An inmate’s constitutional rights and safety are two of the most important things to maintain. At one prison word got around that two rival gangs were going to hash things out in one of the chapels. Once the director of programming found out her had a hard choice to make: should he cancel church and infringe on the inmates first amendment right or potentially put not only inmates and guards but dozens of religious volunteers at risk? He chose to cancel services for a week, and there ultimately ended up being a knife fight among those gangs in a different area of the prison.
In situations like this if it for the safety based on legitimate intel, they can infringe upon those rights with still being within their own rights. Unfortunately, correctional officers face these hard decisions daily.
Probation and parole are both forms of community supervision in lieu of incarceration. Many people think that if you are under community supervision that you are free, but you must follow many rules and the violation of these rules will likely put in you in jail or prison. In order to be on community supervision, you must follow the conditions of the court, which vary. These conditions can include: reporting in person to the correct offices, supervision programs, not leaving the state or even the county without permission, finding and keeping a job, needing permission before moving or switching jobs, no drugs or alcohol, no entering an establishment that serves alcohol, may not own a firearm or have one in your possession, not having contact with other known criminals, agreeing to random drug tests, paying all fees associated, electronic monitoring and obeying all laws, amongst others.

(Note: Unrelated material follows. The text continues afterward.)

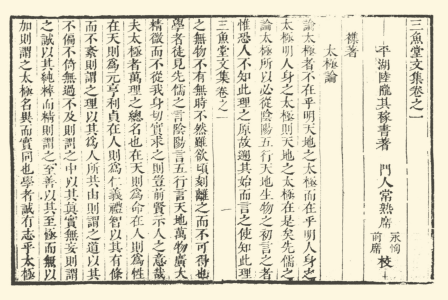 《三鱼堂集》中颇有反映陆氏理学思想、践履施为及清初社会情状的材料,较为重要。所见版本有清康熙刻本、《四库全书》本等。此次整理,以北京大学图书馆藏康熙刻乾隆以后印本为底本,以天津图书馆藏康熙刻本初印本对底本中的剜改及删略处进行了复原,并校以影印文渊阁《四库全书》本。底本卷首原附有魏象枢奏疏两篇,卷末附有《崇祀录》一卷,因其对于了解陆氏生平及思想意义不大,一并删去。
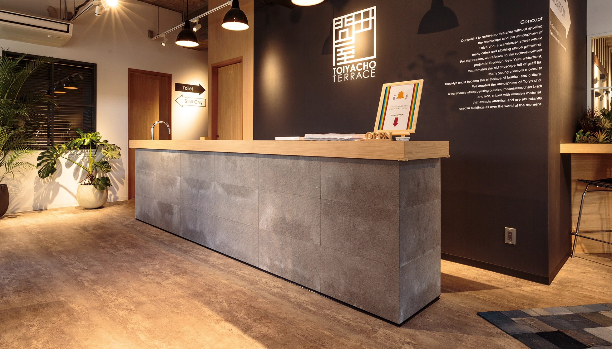 内装材に造詣の深い板倉氏がひと目で気に入ったのがSOLIDOでした。「1枚1枚の柄が異なり、動きがあって面白い」と、施設内の内壁やカウンターにはtypeFやtypeMセメント、外壁には引き締まったtypeM鉄黒を選定されました。そして実際に施工してみると、セメント素材独特の白華により狙い通りの動きがある表情が生まれ、好評を博したと満足していただけました。

Inmates, however, have many more restrictions than those on community supervision. They have set meal times and unless they have money in their commissary that is all they eat. They must wake up at a certain time and have their lights out by a certain time. They are only allowed to use the phones during a certain period of the day, and only for a certain amount of time. Visitation is at preset times and it is likely that if they get in trouble for any reason their visitation, as well as phone privileges will be taken away. Some facilities will not allow you to be in your bed during the daytime, only laying on top if it. If you are incarcerated, you will be showering in a shower stall with many other inmates. When you get booked you will also probably only be able to bring in a few white garments of clothing, everything else will need to be purchased from the commissary, such as shampoo, soap, and deodorant.